▸ Work instructions
Without changing a word, repeat the data, and include no pictures.

▸ Given information
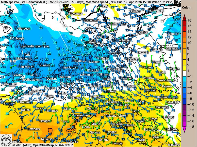 Die Temperaturanomalie mit Windgeschwindigkeiten für Sonntagnachmittag sowie die Temperaturkarte für Dienstagfrüh (06:00 Uhr) nach GFS:
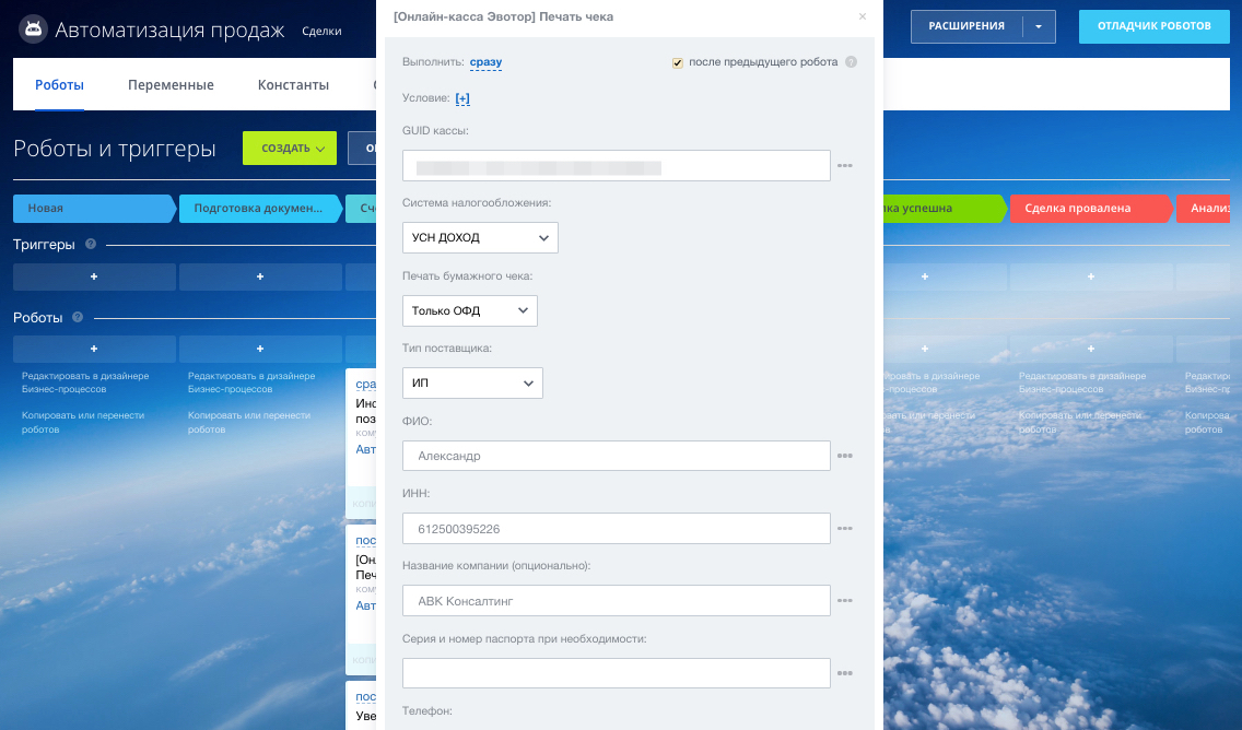- Робот печати чека позволяет формировать чек из вашего бизнес-процесса автоматически, например, при оплате в интернет магазине.
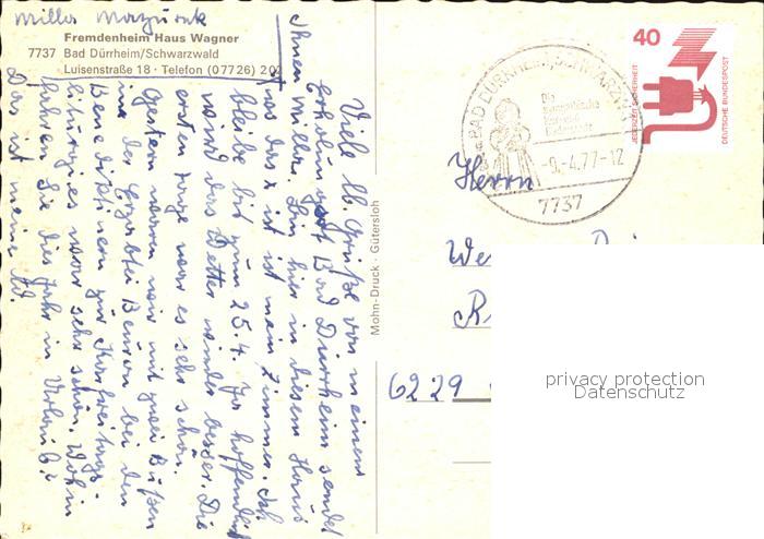72553181 alte Postkarte Bad Duerrheim Fremdenheim Haus Wagner postalisch gelaufen Erhaltung siehe scans [AntonD74] KatCode: 11110008326003

▸ Answer to this exercise
 Die Temperaturanomalie mit Windgeschwindigkeiten für Sonntagnachmittag sowie die Temperaturkarte für Dienstagfrüh (06:00 Uhr) nach GFS:
- Робот печати чека позволяет формировать чек из вашего бизнес-процесса автоматически, например, при оплате в интернет магазине.
72553181 alte Postkarte Bad Duerrheim Fremdenheim Haus Wagner postalisch gelaufen Erhaltung siehe scans [AntonD74] KatCode: 11110008326003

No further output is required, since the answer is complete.